Yes. So, in terms of criteria, I would just probably split that. For radiology, if you see, we normally participate in tenders, which are through NHM, National Health Mission and the state. We do not participate in any tender, which is just driven by the state. And of course, there will be financial metrics in terms of EBITDA, the profitability, the tenure, the investments, all of this is being seen. Pathology because the investment is low and you have -- the revenues are multiple of investments. And therefore, even if they are for a lesser duration, but we are able to recover the investments and hence, they are seen differently.

P
Pawan Daga
executive

Also, Manoj ji, if the maturity for the pathology centre is started lesser compared to the radiology, which we correlating, if you're correlating with the presentation where we talk about the mature centres in the range of 3 years, so where majorly fall under the radiology centres, if we consider our sediments or matured, so, it will now see a significant change over a period of time because of the pathology contribution has slightly increased compared to earlier.

Y
Yash Mutha
executive

And in terms of the second part of the question, in terms of learnings. So, we've seen this overall PPP space evolving over the years and differentiated models coming up as well as -- as I mentioned, we really focus on NHM driven tenders. And at the same time, Krsnaa was earlier strong on radiology.

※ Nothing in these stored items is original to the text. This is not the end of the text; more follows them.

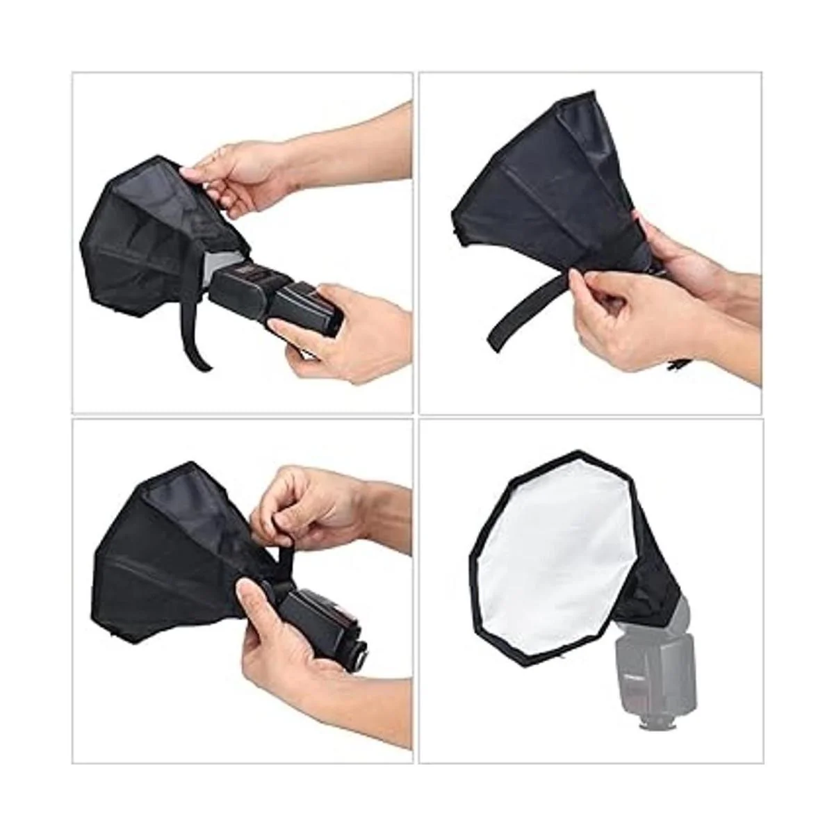 Obtén un paquete 2 en 1: viene con una caja de luz octogonal de 8 pulgadas y una caja de luz rectangular de 8 x 6 pulgadas y un paño de limpieza de microfibra para flash de cámara.
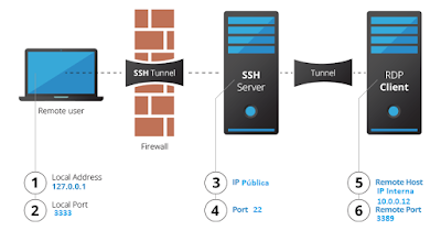 | Figura 1: Esquema de conexión tunneling SSH para conectarse por Escritorio remoto (RDP). |
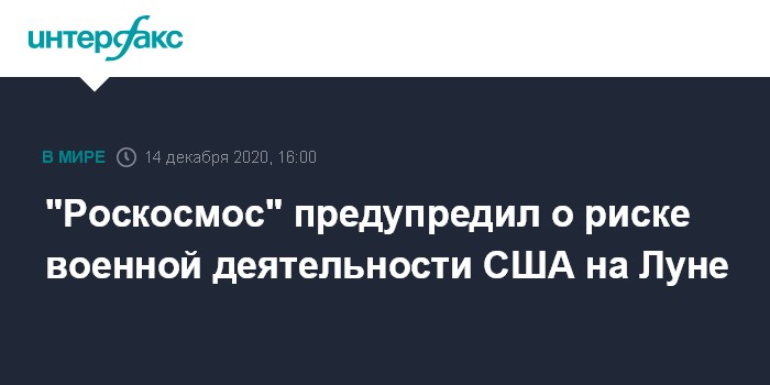 Москва. 14 декабря. INTERFAX.RU - В "Роскосмосе" опасаются, что продвигаемые Соединенными Штатами "Соглашения Артемиды" позволят Вашингтону осуществлять военную деятельность на Луне, сообщил заместитель гендиректора "Роскосмоса" по международному сотрудничеству Сергей Савельев.
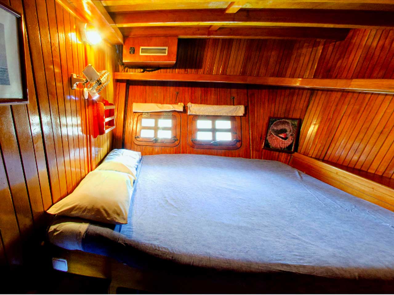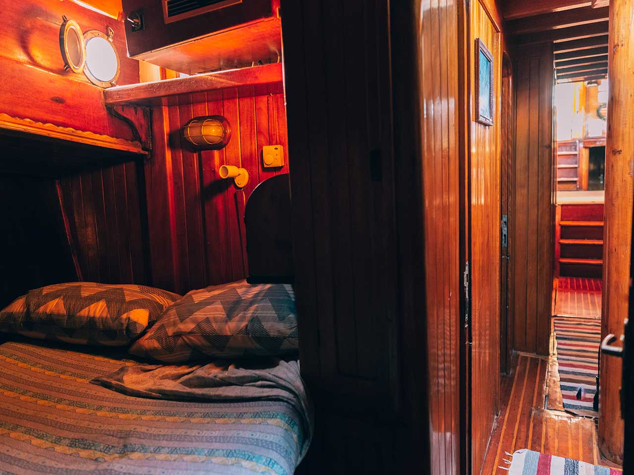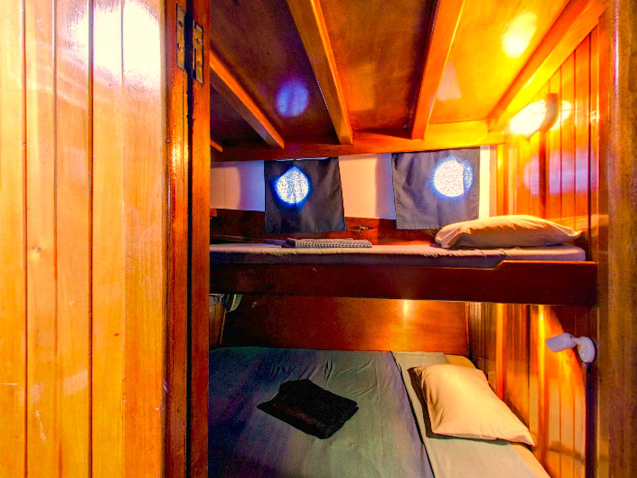 | Aménagements cabines | 10 cabines : 7 cabines avec douche et toilettes privatives, air conditionné. 3 cabines avec lits superposés, 2 cabines avec lits côte à côte, 2 cabines avec lit double. |
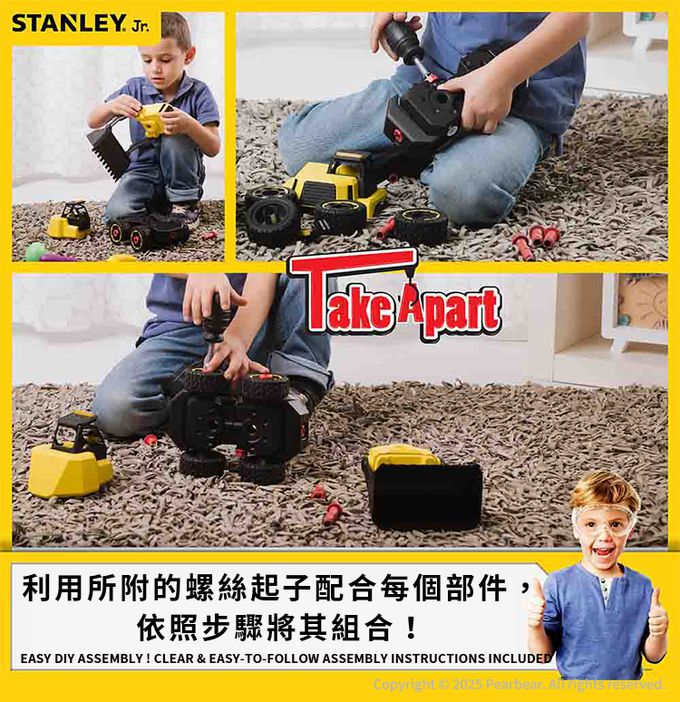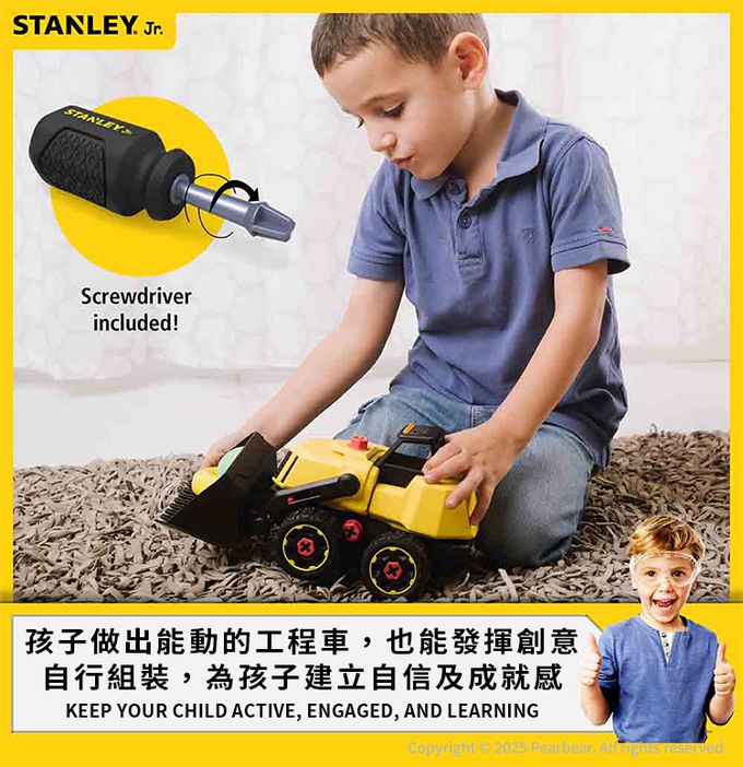 【STANLEYJr】工程車所有的零件包括輪子、車頭、底座,都是可以拆解的,孩子可以練習使用螺絲起子把車子組裝起來,除了可以更了解每一台車的構造之外,在組裝過程中也能提升解決問題的能力
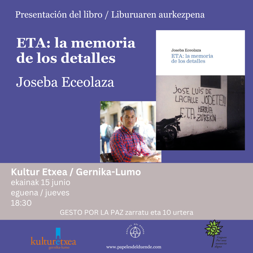 Gernika-Lumo. GOGOAN por una memoria dignak antolatuta, Joseba Eceolazak ETA: la memoria de los detalles liburua aurkeztuko du ekainaren 15ean (eguena), 18:30etik aurrera, Gernika-Lumoko kultur etxean.
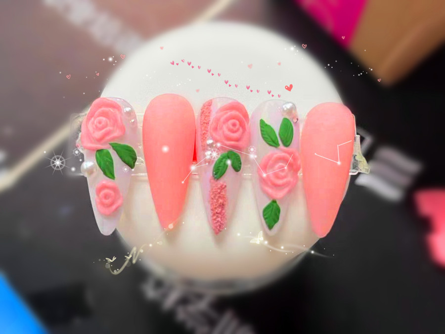 以粉色作為整副美甲作品的主要色調(diào),粉白色作為次配色調(diào)。之后用雕花膠捏出粉色的玫瑰花瓣,然后在捏出綠色的葉子進(jìn)行襯托。為了增加整副作品的氛圍感,任意在有花瓣的甲片上粘貼大小不一的珍珠飾品進(jìn)行點(diǎn)綴,將浪漫,甜美的感覺(jué)拉到蕞大值。
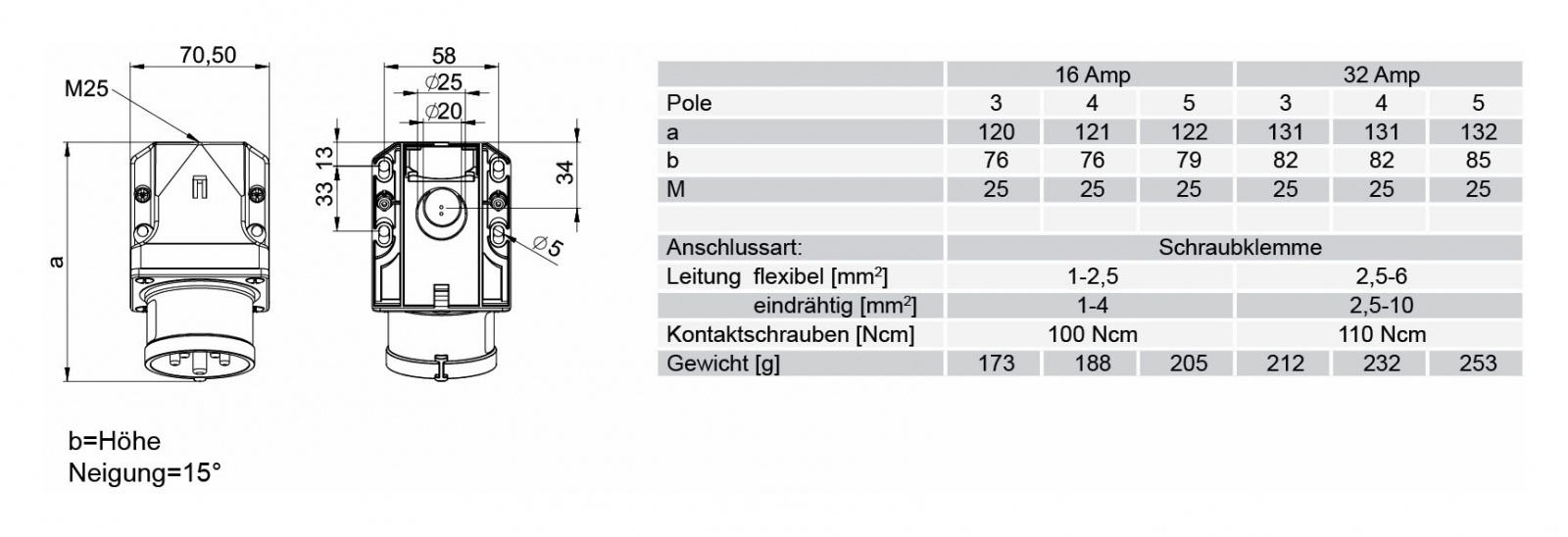 Панельный силовой разъем СЕЕ 4-пин 32А, настенный, серия SHARK, <штекер/папа>, структура: 4-х контактный, 32А/400V/3P+E/IP44, корпус - полиамид (PA6), крепление на поверхность / наклон 15°, контакты - латунь, под винтовой зажим (винтовая клемма TWIST), класс защиты IP44, подходит для проводов сечением: витая жила (2.5 - 6.0 мм2), цельная жила (2.5 - 10.0 мм2), цвет: красный
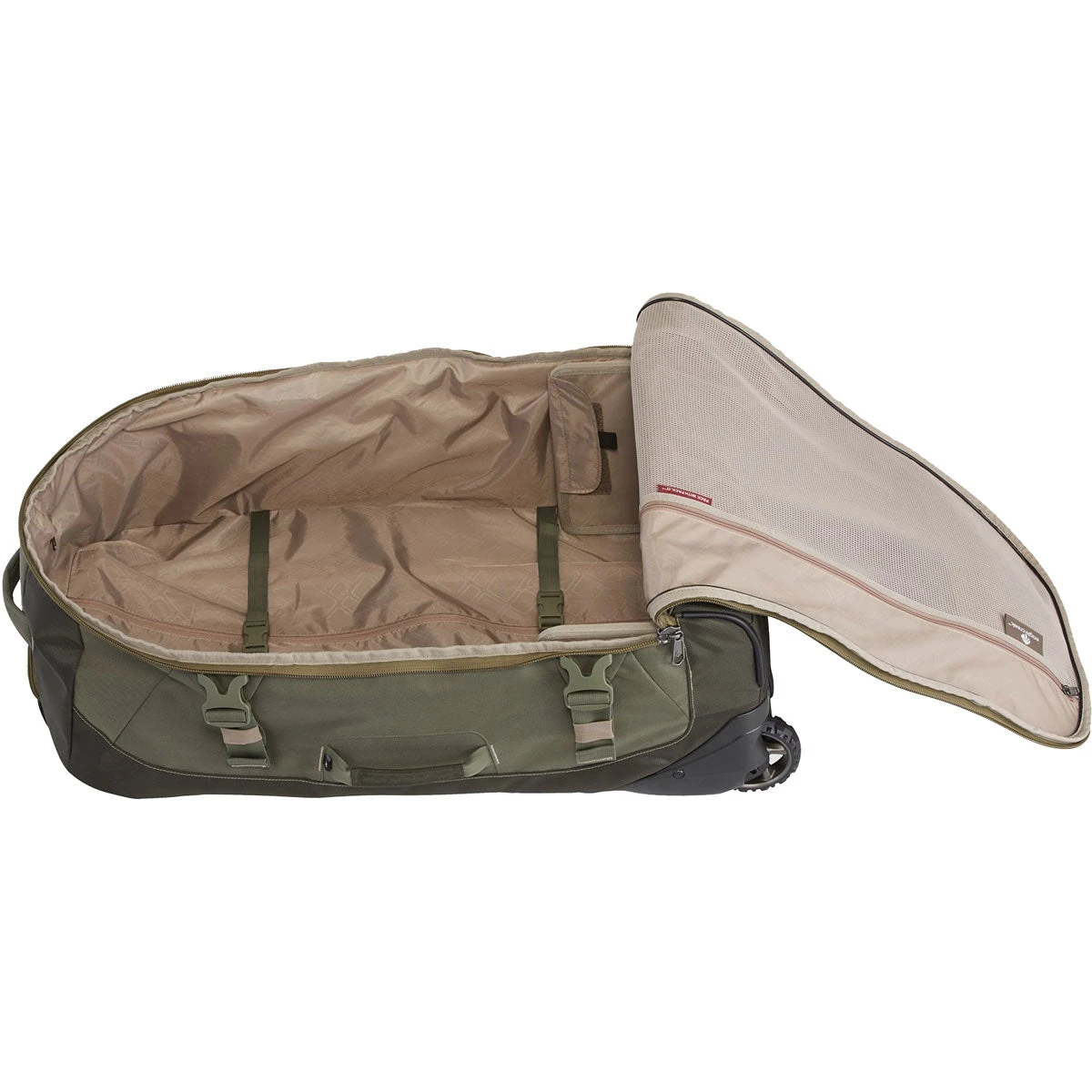 No problem. This large capacity, lightweight wheeled duffel collapses down more than 50% for easy storage. Built durable and covered by Eagle Creek’s No Matter What™ Warranty.

We are also now equally and which we've been maintaining we want to be strong on the pathology as well, which is a well-diversified business, if you see from a split perspective. So those are learnings have been deployed across these various projects. And of course, we would want to continue this momentum going forward as well. I hope that answered the question.

M
Manoj Dua
analyst

Yes, perfectly. My last question is regarding vendor financing. I think it was mainly for radiology. Any vendor financing you are using for pathology or something like that? Can you give more color for that?

Y
Yash Mutha
executive

So like we have done for radiology equally for pathology, especially for these large projects, we are currently in discussions with the vendors as well, where we could procure this equipment on a deferred credit basis, on a deferred payment basis as well as some of -- like on leasing, there are already established like reagent renting models, but we are trying to come up with some more or better models to suit our line of business.

Operator

Thank you. Ladies and gentlemen, we'll take that as the last question. I will now hand the conference over to Ms. Pallavi Bhatevara for closing comments.

P
Pallavi Bhatevara
executive

Thank you. Thank you, everyone, for joining our Q1 FY '24 earnings call. I hope we've been able to answer all your questions. In case any questions remain unanswered, please feel free to connect with our Investor Relations Head, Mr. Vivek Jain, and team at Churchgate Partners. We look forward to interacting with you in the future quarters. Thank you, and have a great evening ahead.

Operator

Thank you very much. On behalf of Equirus Securities Private Limited, that concludes this conference. Thank you for joining us. You may now disconnect your lines. Thank you.